**Required work:**
Each line of the data below between the one containing "Bachelorette Party Invitation" and the one containing "进入游戏后点击开始按钮即可开", both included, is to be repeated exactly. Please omit pictures.

**The data:**
□ □ □ □ □
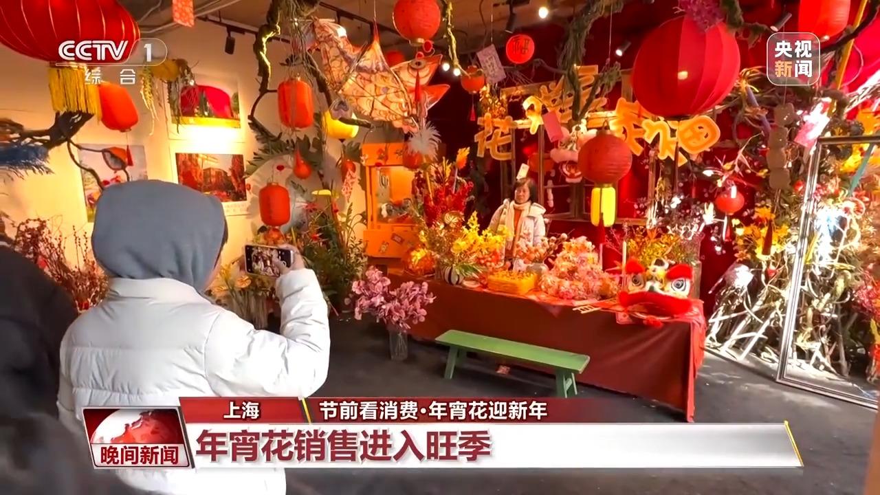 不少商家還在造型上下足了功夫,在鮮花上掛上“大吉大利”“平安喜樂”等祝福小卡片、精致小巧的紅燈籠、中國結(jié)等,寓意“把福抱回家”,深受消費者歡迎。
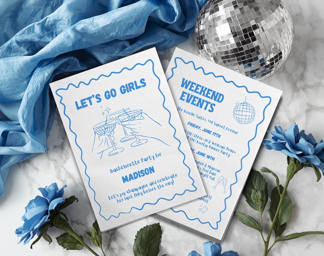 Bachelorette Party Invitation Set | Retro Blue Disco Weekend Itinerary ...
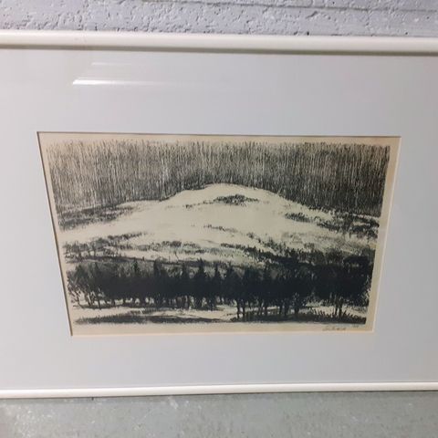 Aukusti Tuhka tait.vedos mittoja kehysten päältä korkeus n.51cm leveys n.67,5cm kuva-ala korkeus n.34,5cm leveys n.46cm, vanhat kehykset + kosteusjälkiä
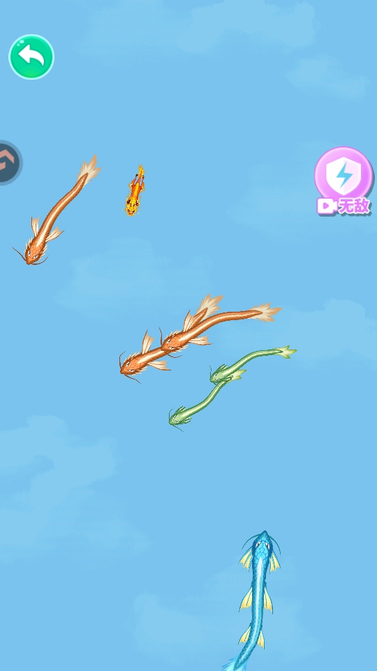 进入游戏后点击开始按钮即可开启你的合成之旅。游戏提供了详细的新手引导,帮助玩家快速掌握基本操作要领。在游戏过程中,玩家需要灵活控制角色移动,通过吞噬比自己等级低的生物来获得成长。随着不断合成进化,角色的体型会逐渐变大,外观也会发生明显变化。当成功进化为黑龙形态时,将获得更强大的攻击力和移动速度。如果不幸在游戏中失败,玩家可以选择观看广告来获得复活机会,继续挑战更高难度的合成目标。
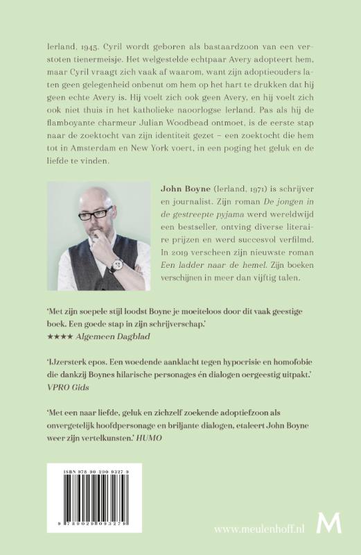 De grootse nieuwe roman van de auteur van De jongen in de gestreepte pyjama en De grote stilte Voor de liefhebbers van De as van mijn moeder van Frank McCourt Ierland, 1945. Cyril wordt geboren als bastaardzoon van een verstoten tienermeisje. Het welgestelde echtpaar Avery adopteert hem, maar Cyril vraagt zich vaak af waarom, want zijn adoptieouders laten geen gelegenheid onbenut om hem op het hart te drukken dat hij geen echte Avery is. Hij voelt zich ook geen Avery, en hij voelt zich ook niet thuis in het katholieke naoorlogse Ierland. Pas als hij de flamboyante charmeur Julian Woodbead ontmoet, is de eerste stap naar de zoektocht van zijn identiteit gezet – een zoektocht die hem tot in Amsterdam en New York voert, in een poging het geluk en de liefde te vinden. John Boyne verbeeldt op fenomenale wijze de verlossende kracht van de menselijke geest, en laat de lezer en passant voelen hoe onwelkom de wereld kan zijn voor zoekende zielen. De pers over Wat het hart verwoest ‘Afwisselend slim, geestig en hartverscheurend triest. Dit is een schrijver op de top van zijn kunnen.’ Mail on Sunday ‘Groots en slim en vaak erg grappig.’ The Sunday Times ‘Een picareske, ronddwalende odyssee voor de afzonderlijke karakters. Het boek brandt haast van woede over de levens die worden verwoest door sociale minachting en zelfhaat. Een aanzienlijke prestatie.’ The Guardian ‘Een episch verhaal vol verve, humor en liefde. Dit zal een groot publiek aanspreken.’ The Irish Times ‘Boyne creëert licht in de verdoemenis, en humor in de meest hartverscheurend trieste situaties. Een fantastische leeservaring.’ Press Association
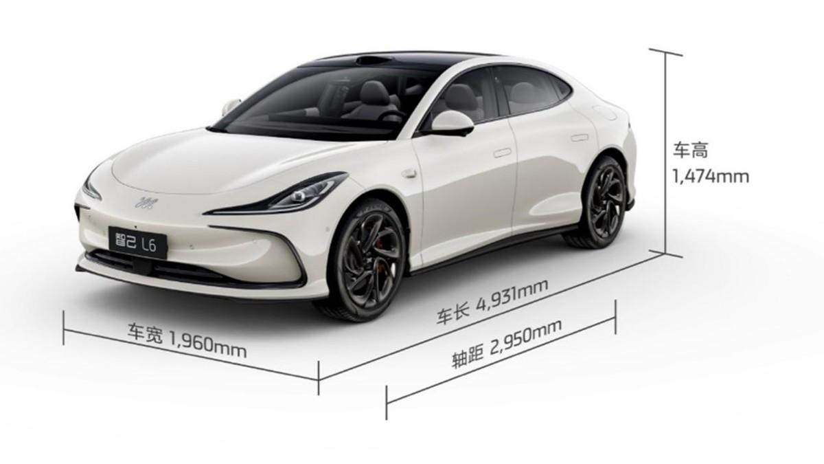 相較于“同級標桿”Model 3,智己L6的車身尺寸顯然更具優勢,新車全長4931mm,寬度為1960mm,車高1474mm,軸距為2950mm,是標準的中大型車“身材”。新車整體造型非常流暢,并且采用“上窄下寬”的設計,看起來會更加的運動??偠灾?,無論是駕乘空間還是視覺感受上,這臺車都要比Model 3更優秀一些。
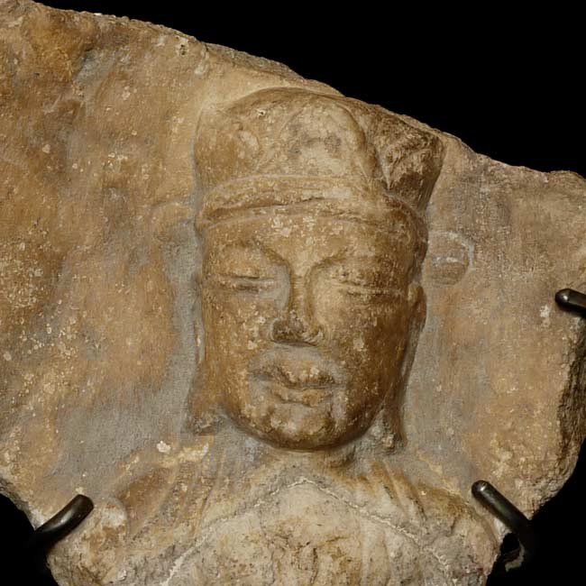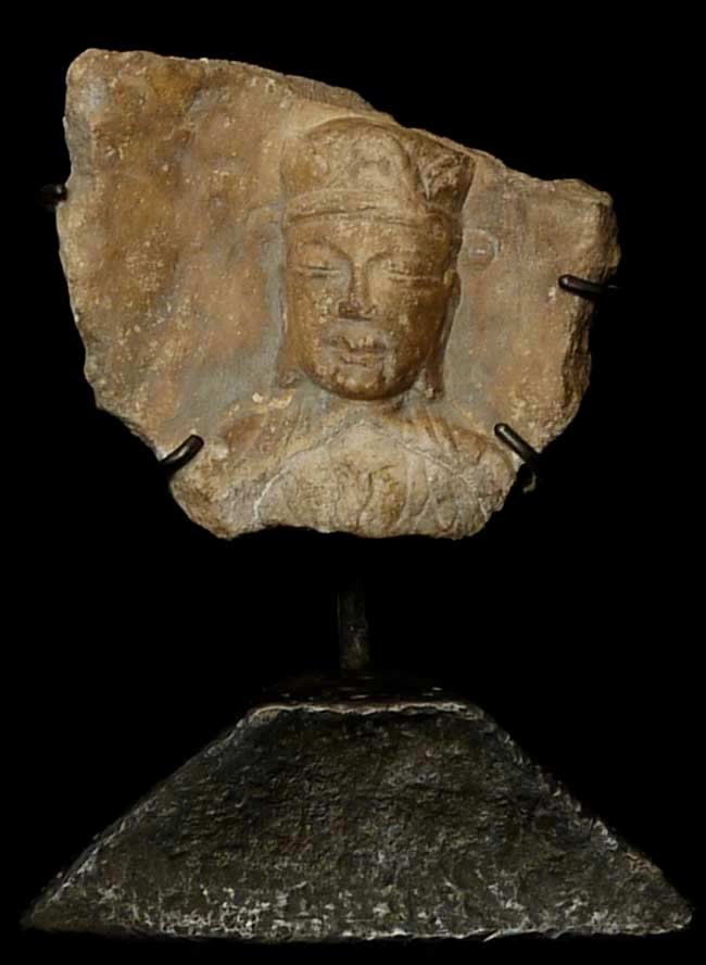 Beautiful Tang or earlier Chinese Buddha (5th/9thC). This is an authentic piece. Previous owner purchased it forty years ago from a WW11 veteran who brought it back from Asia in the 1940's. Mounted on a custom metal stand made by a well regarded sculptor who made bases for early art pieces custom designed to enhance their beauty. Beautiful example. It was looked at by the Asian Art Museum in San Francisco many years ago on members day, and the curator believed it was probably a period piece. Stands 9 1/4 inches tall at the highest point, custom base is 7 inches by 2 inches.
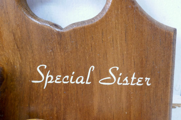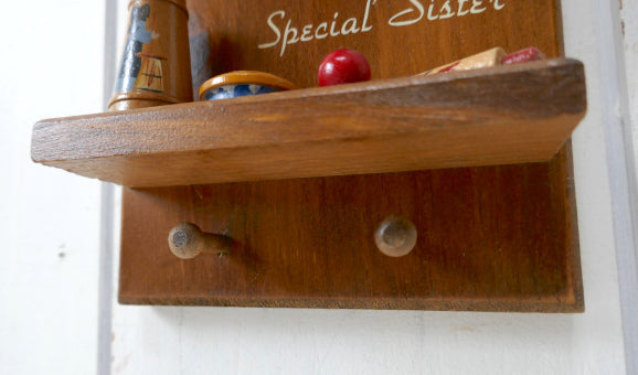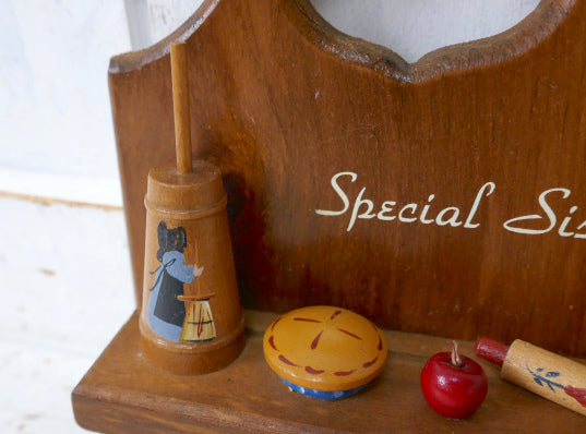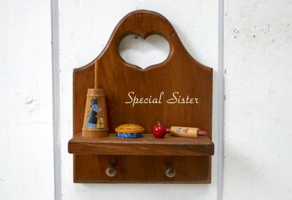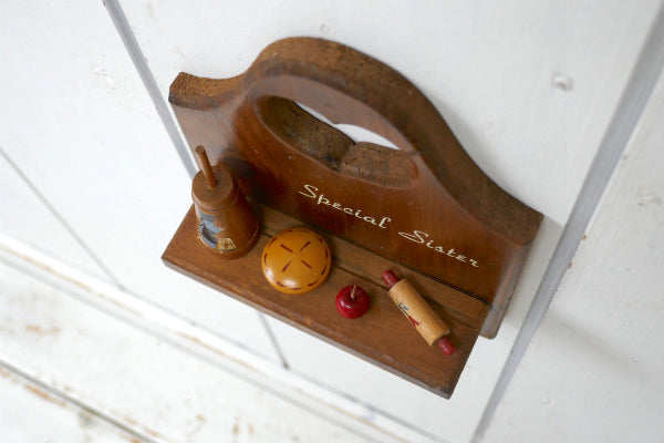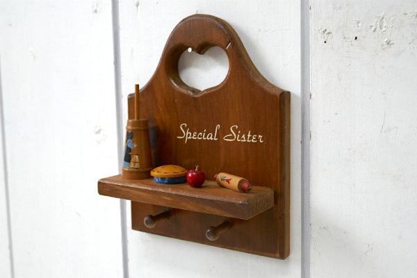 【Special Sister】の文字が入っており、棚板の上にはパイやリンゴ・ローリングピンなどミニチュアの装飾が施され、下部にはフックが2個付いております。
□ □ □ □ □
**Task solution:**
 Bachelorette Party Invitation Set | Retro Blue Disco Weekend Itinerary ...
 Aukusti Tuhka tait.vedos mittoja kehysten päältä korkeus n.51cm leveys n.67,5cm kuva-ala korkeus n.34,5cm leveys n.46cm, vanhat kehykset + kosteusjälkiä
 进入游戏后点击开始按钮即可开启你的合成之旅。游戏提供了详细的新手引导,帮助玩家快速掌握基本操作要领。在游戏过程中,玩家需要灵活控制角色移动,通过吞噬比自己等级低的生物来获得成长。随着不断合成进化,角色的体型会逐渐变大,外观也会发生明显变化。当成功进化为黑龙形态时,将获得更强大的攻击力和移动速度。如果不幸在游戏中失败,玩家可以选择观看广告来获得复活机会,继续挑战更高难度的合成目标。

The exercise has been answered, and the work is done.